/Visual-Relationship-Detection-Using-VTransE-Network-paper

Visual relationships for e.g. person is talking to another person and a clock above the person offer a comprehensive scene. Inspired by the recent advances in relational representation learning of knowledge bases and convolutional object detection networks, we used a Visual Translation Embedding network (VTransE) for visual relation.

Primary LanguagePython

vtranse/STA Tensorflow

visual translation embedding network for visual relation detection, CVPR 2017, tensorflow

Shuffle-Then-Assemble: Learning Object-Agnostic Visual Relationship Features, ECCV, tensorflow

Installation

  1. Install ipython, if you do not have ipython, you can install this tool (strongly recommended: https://ipython.org/install.html)
pip install ipython
  1. Install TensorFlow v1.3.0 or newer type.
pip install tensorflow-gpu==1.3.0

3.Download this repository or clone with Git

git clone https://github.com/yangxuntu/vtranse.git
  1. Install easydict
pip install easydict

Training and Testing Vtranse

1. Download dataset (VRD dataset is used as example)

a).
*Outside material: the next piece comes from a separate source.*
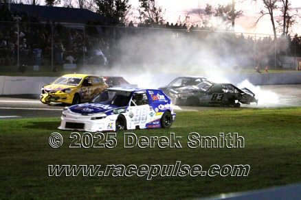 Peterborough Speedway held their annual Autumn Colours Weekend from Friday October 10 through Sunday October 12. Today started with a 167 lap race for the Pro Late Models, followed by some postponed qualifying, and features for Super Stocks, Mini Stocks, Legends, Bone Stocks, OSCAAR Modifieds and OSCAAR Hot Rods. Jake Sheridan won the Pro Late Model feature, followed by Rick Spencer-Walt, Dale Shaw, Dustin Mombourquette and Dan McHattie. Phil Givens won the Bone Stock feature, with Jo Lawrence a very close 2nd and Jordan Wilmms 3rd. Tyler Hawn won the OSCAAR Hot Rod feature, followed by Mark Gordon and Luke Gignac. Doug Butler won the Mini Stock feature, with James Townsend 2nd and Jacob Sutcliffe 3rd. Amand Balson finished first in the OSCAAR Mofifed feature, but was DQ'd in tech. Max Beyore finished next, with TJ Edwards and Jason Keen following. The top 3 in the Legends feature were Mitch Wright, Parker Travis and Adam Cuthbertson. Shawn Chenoweth won the Super Stock feature, followed by Daniel Hawn and Marlie Owen. For full official results and more info, please see Peterborough Speedway and OSCAAR with APC Series .

Download the dataset form https://share.weiyun.com/55KK78Y, and the file is named as 'sg_dataset.zip'.

b). Use the following commend to unzip the downloaded data:

unzip sg_dataset.zip -d sg_dataset

c).In the path where you put vtranse folder, use the following commend to make a new folder 'dataset/VRD':

mkdir -p ~/dataset/VRD/json_dataset
mkdir -p ~/dataset/VRD/sg_dataset

d). Move the files in sg_dataset into the created dataset, by using the following commends:

mv sg_dataset/annotations_test.json dataset/VRD/json_dataset
mv sg_dataset/annotations_train.json dataset/VRD/json_dataset
mv sg_dataset/sg_test_images dataset/VRD/sg_dataset
mv sg_dataset/sg_train_images dataset/VRD/sg_dataset

e). Change the root path in file 'vtranse/model/config.py': open this file and find the term '__C.DIR' which is named as '/home/yangxu/rd' to suitable path where you put this vtrase folder.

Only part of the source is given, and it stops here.